Review of The “Expanded” Edition Book Tow of the “How To” Manual
by Maj Archie Cairns, MMM, CD

Many folk have benefited from Archie Cairns’ “How To” manuals. These have included his “How To” Manual for Learning to Play the Great Highland Bagpipe, Book Two of the “How To” Manual, the “How To” Piobaireachd Manual and the Companion to the “How To” Piobaireachd Manual. Each of these are ‘must have’ works for any novice and intermediate piper and can be quite helpful for the advanced piper as well.

In 2016 just before his death Maj. Cairns revised the Book Two of the basic “How To” Manual. Did this really need a revision? Probably not, as the first was superb. Never the less the “Expanded Edition” does indeed contain many useful gems for the practical piper.

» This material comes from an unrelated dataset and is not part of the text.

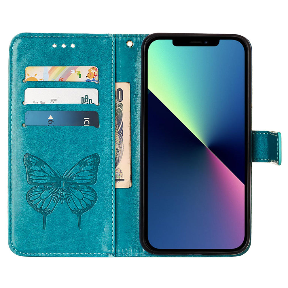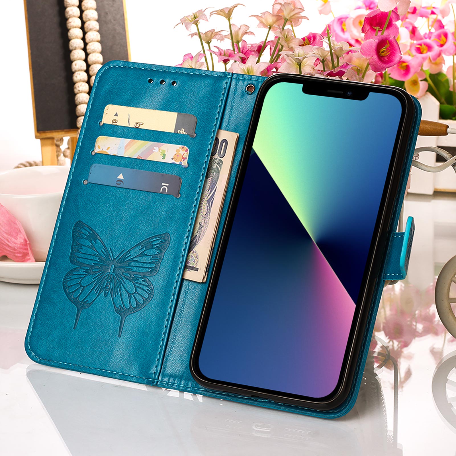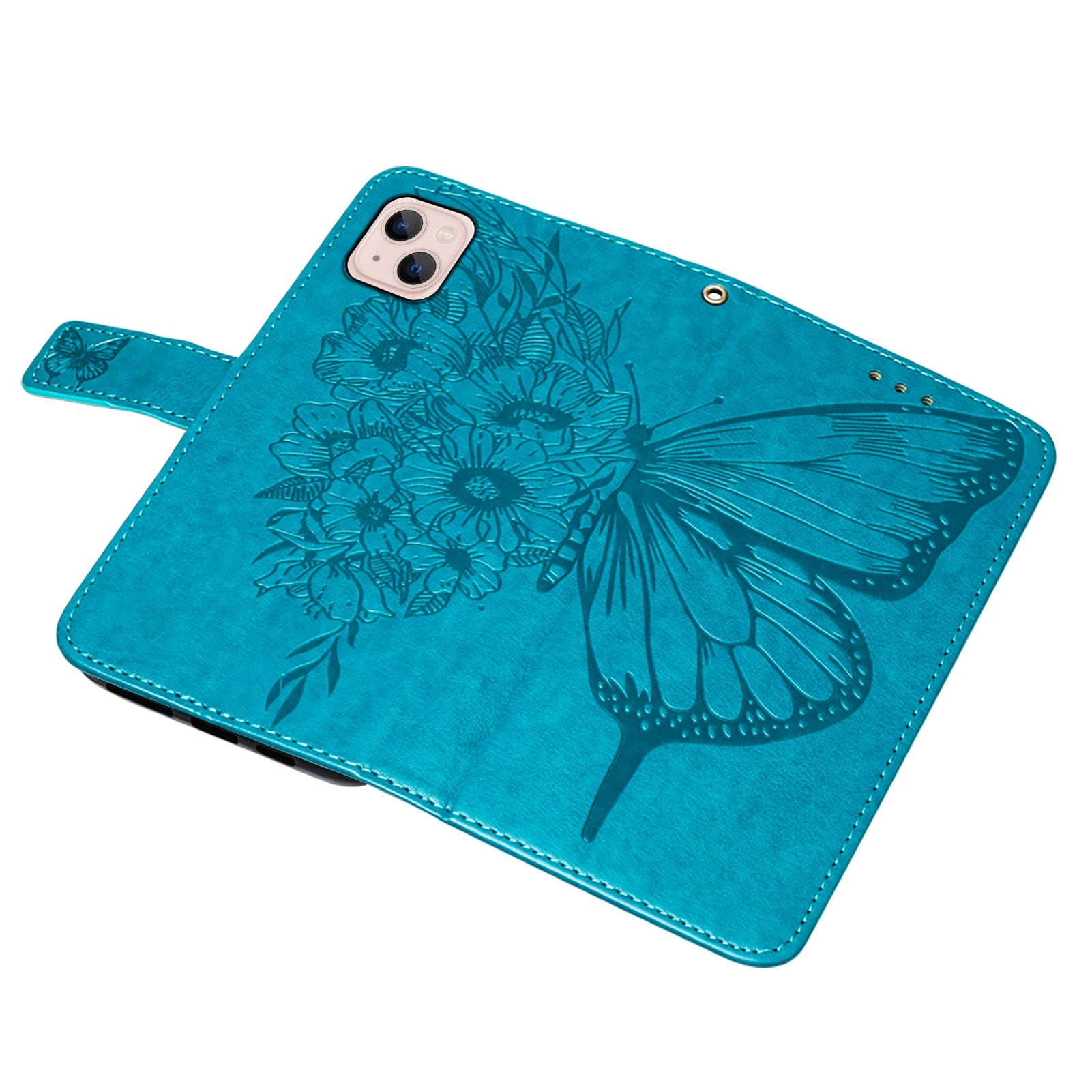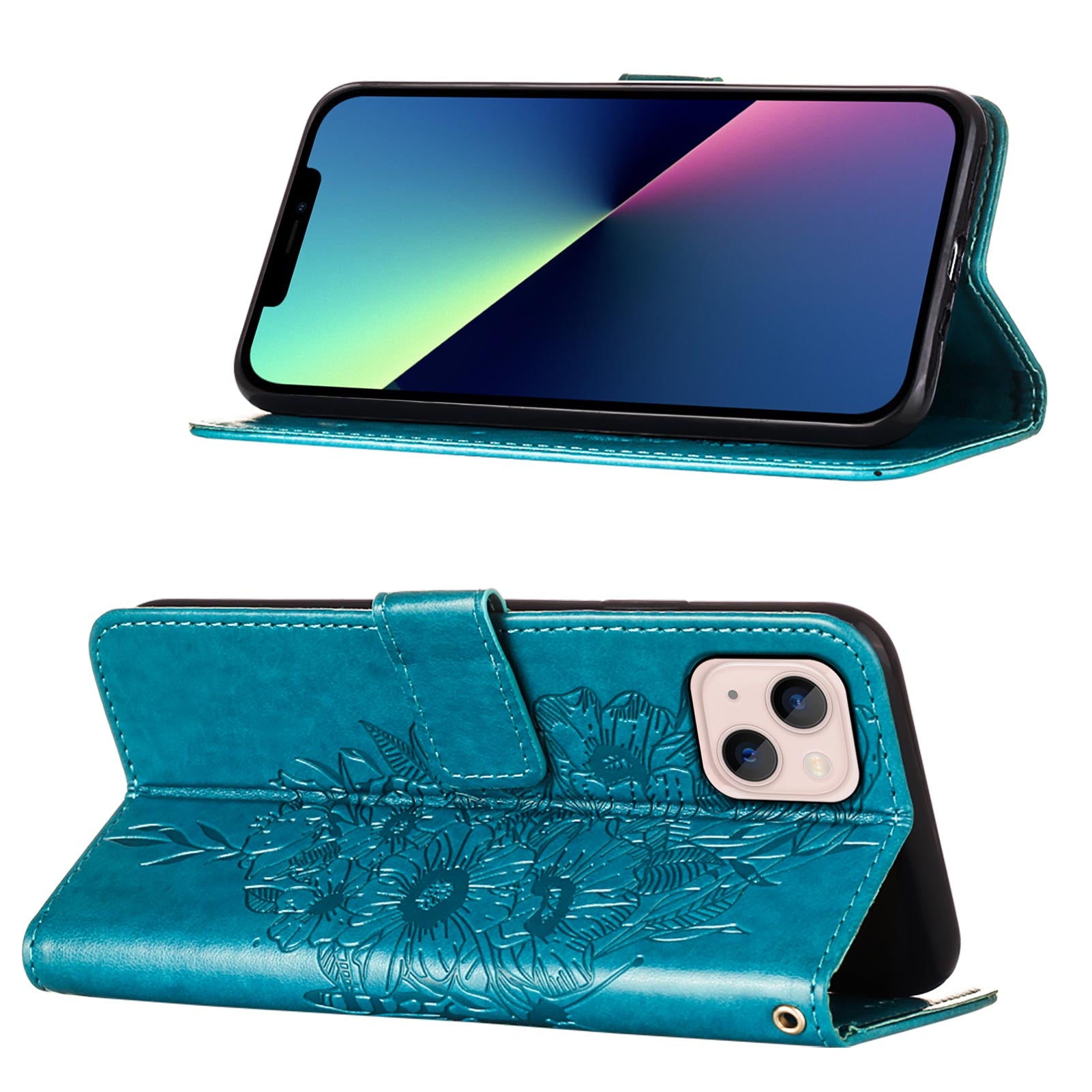 YB Imprinting Series-4 For iPhone 15 PU Leather Stand Phone Case Wallet Butterfly Flower Imprinted Cover with Hand Strap - Blue

He includes such useful topics as ‘setting tempos without a metronome’. Archie was nor or less against pipers having to use mechanical aids such as metronomes and tuning devices as he thought, rightly, that pipers should be able to count time correctly and tune by ear.

He repeats with greater clarity his method of teaching to learn bagpipe tunes by mastering phrasing. He taught that each tune is really a composition of ‘little tunes’, i.e. the phrases which make up the tune. This method really shines in his piobaireachd works but they are very useful for learning Ceol Beg as well.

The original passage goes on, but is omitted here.